**TASK DESCRIPTION**
Which lines run from the one with "With Charitable plugin, you" through the end of the data? Retype them exactly, without pictures.

**EXERCISE MATERIALS**
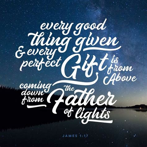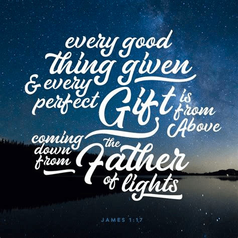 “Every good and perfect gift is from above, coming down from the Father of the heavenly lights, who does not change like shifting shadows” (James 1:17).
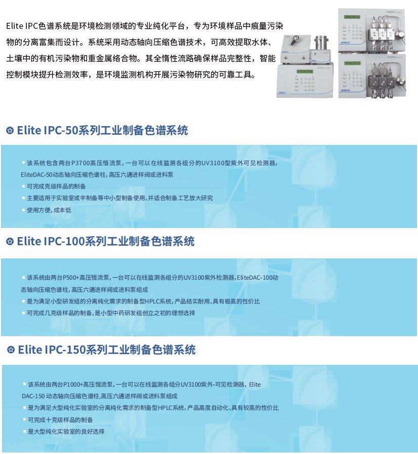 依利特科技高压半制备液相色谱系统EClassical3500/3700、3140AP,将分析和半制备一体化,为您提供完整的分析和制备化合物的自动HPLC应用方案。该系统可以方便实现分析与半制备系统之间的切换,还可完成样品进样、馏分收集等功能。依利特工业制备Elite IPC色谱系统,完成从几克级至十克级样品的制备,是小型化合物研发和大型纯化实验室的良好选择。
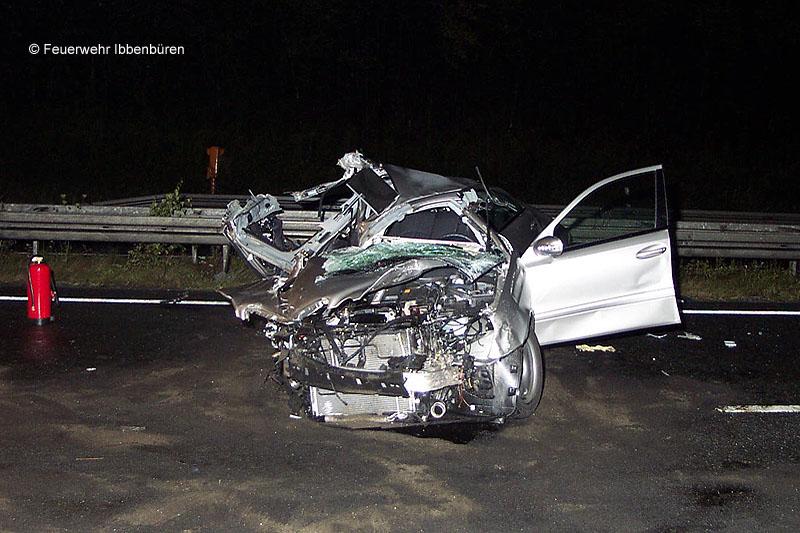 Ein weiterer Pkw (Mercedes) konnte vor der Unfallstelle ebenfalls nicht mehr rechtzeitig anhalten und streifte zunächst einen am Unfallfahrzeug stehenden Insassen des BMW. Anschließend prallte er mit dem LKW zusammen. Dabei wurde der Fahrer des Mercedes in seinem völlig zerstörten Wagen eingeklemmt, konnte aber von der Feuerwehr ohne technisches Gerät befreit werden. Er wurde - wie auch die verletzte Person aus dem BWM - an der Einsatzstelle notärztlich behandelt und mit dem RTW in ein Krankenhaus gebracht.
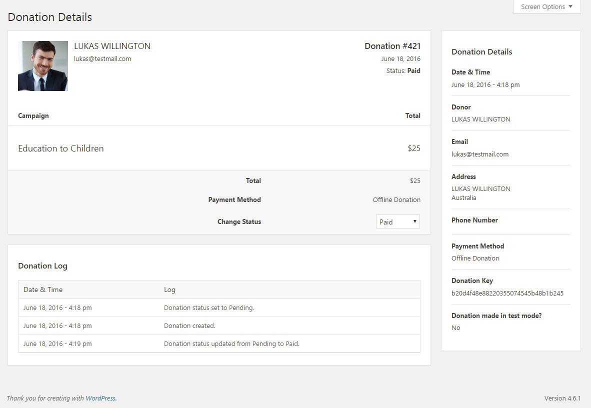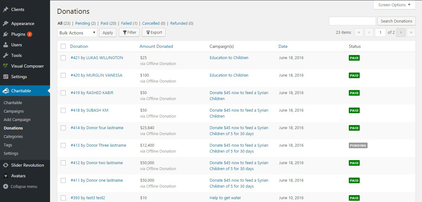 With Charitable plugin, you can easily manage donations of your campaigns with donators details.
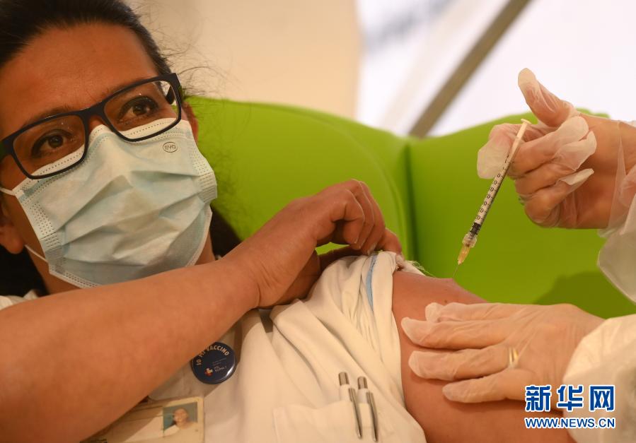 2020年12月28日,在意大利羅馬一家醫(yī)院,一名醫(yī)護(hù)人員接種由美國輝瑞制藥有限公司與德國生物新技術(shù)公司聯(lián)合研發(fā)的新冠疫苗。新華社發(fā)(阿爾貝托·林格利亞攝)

**RESPONSE TO THIS EXERCISE**
 With Charitable plugin, you can easily manage donations of your campaigns with donators details.
 2020年12月28日,在意大利羅馬一家醫(yī)院,一名醫(yī)護(hù)人員接種由美國輝瑞制藥有限公司與德國生物新技術(shù)公司聯(lián)合研發(fā)的新冠疫苗。新華社發(fā)(阿爾貝托·林格利亞攝)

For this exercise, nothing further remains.